Suppose that f(x+h)-f(x) =-4 h x^2 - 1 h x + 4 h^2 x + 3 h^2 -3 h^3.
Find: f^1(x)
I am not certain what you mean f^1(x). Can you put that in words? Is this inverse?
its f prime.
I got the answer thanks anyways:)
good.
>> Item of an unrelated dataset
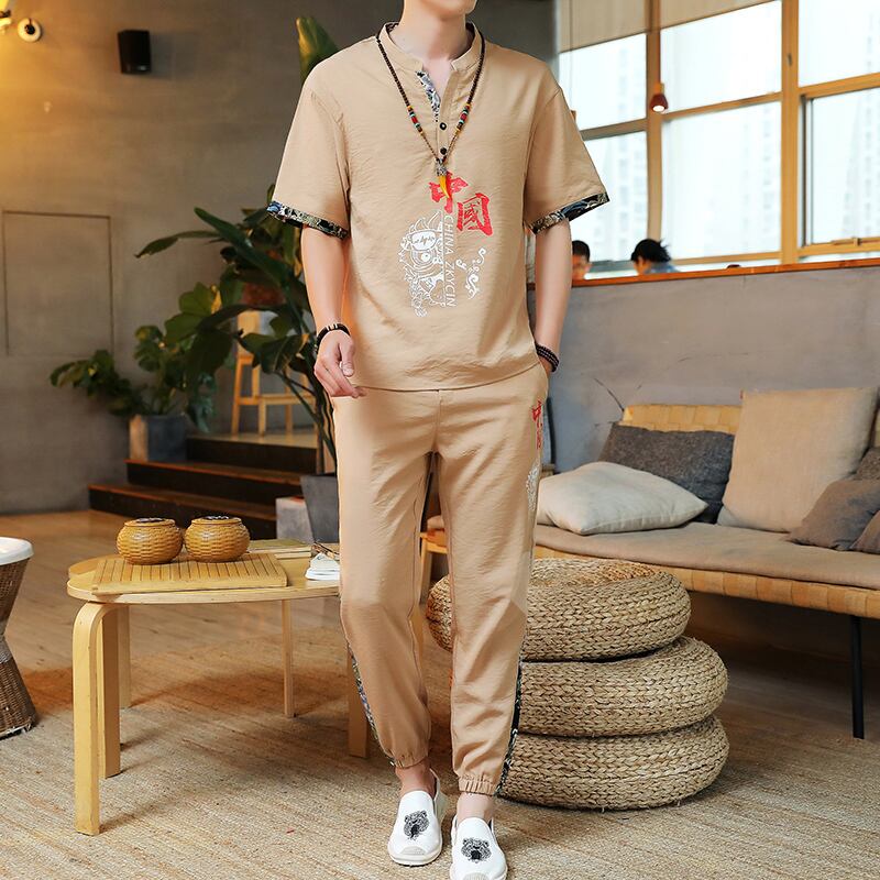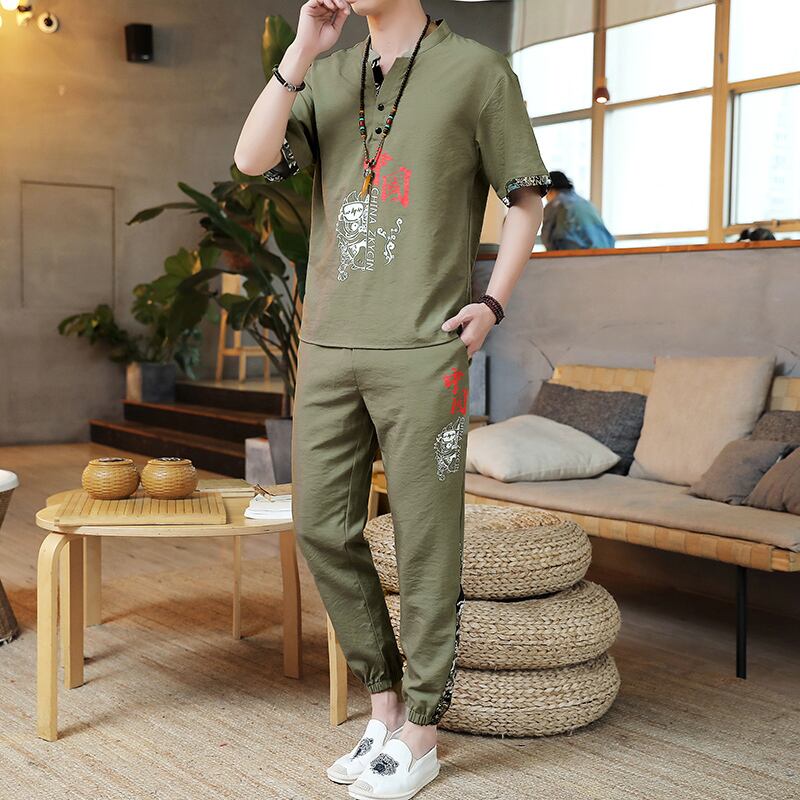 Chinese style men's clothing 2022 new summer ice silk short-sleeved t-shirt suit Tang suit Guochao Buddhist Hanfu men's set サマー 夏物 シルク Tシャツ doushi81952970907
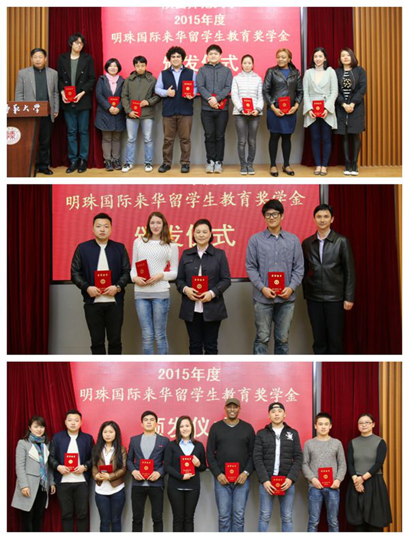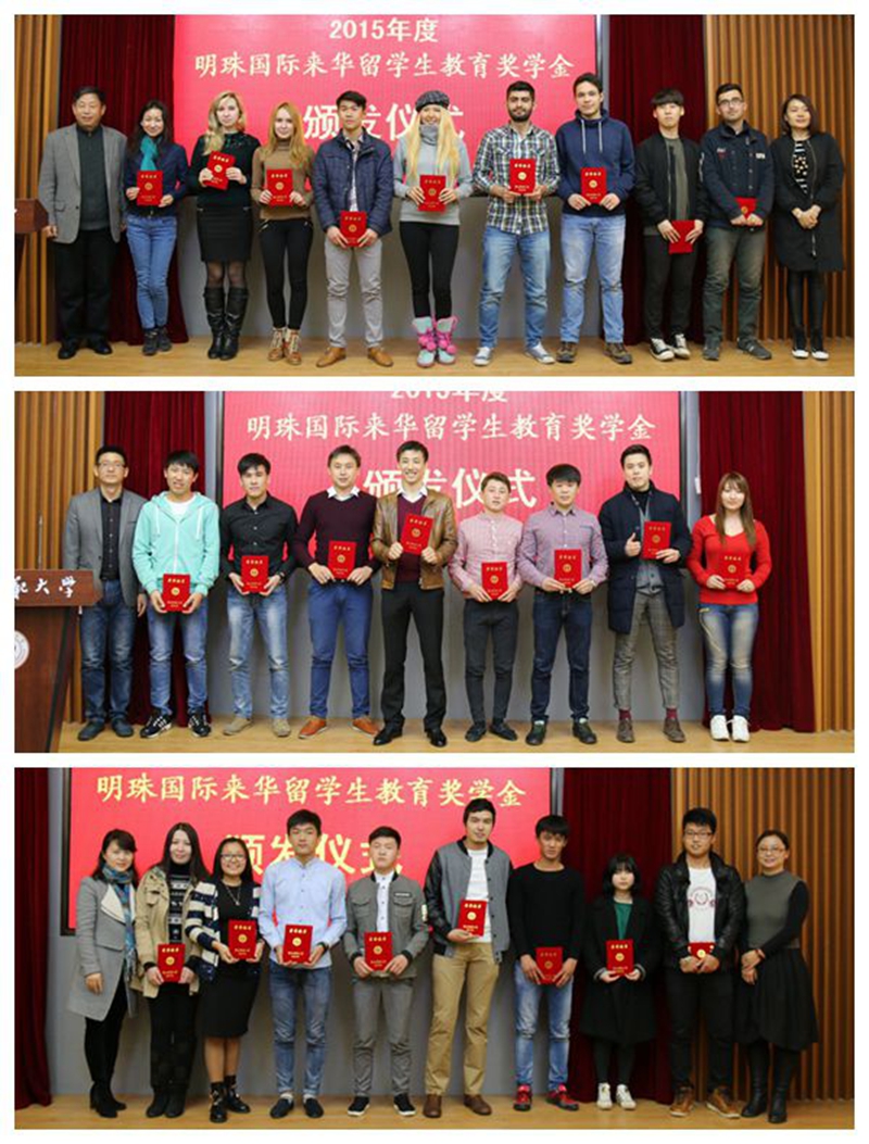 吴媛宣读了《关于颁发2015年度“明珠国际来华留学生教育奖学金”的决定》。宣布我校ALEKENJU ANNABEL(幸运)等51名留学生,刘琨等5名教师获得2015年度“明珠国际来华留学生教育奖学金”,奖励金额共计10万元。

While answering, I got a virus taking me to the dark web and I was in a mess.
To find the derivative of f(x), denoted as f'(x) or f^1(x), we need to apply the limit definition of the derivative:
f^1(x) = lim(h->0) [f(x+h) - f(x)] / h
Given the expression: f(x+h) - f(x) = -4hx^2 - hx + 4h^2x + 3h^2 - 3h^3, we can substitute it in the limit definition:
f^1(x) = lim(h->0) [(-4hx^2 - hx + 4h^2x + 3h^2 - 3h^3) / h]
Now, let's simplify the expression inside the limit:
f^1(x) = lim(h->0) [-4hx^2/h - hx/h + 4h^2x/h + 3h^2/h - 3h^3/h]
f^1(x) = lim(h->0) [-4x^2 - x + 4hx + 3h - 3h^2]
Next, we can distribute the limit across the terms:
f^1(x) = lim(h->0) -4x^2 - lim(h->0) x + lim(h->0) 4hx + lim(h->0) 3h - lim(h->0) 3h^2
Since h is approaching 0, all h terms become 0:
f^1(x) = -4x^2 - x + 0 + 0 - 0
Simplifying further, we have:
f^1(x) = -4x^2 - x
Therefore, the derivative of f(x), f'(x) or f^1(x), is -4x^2 - x.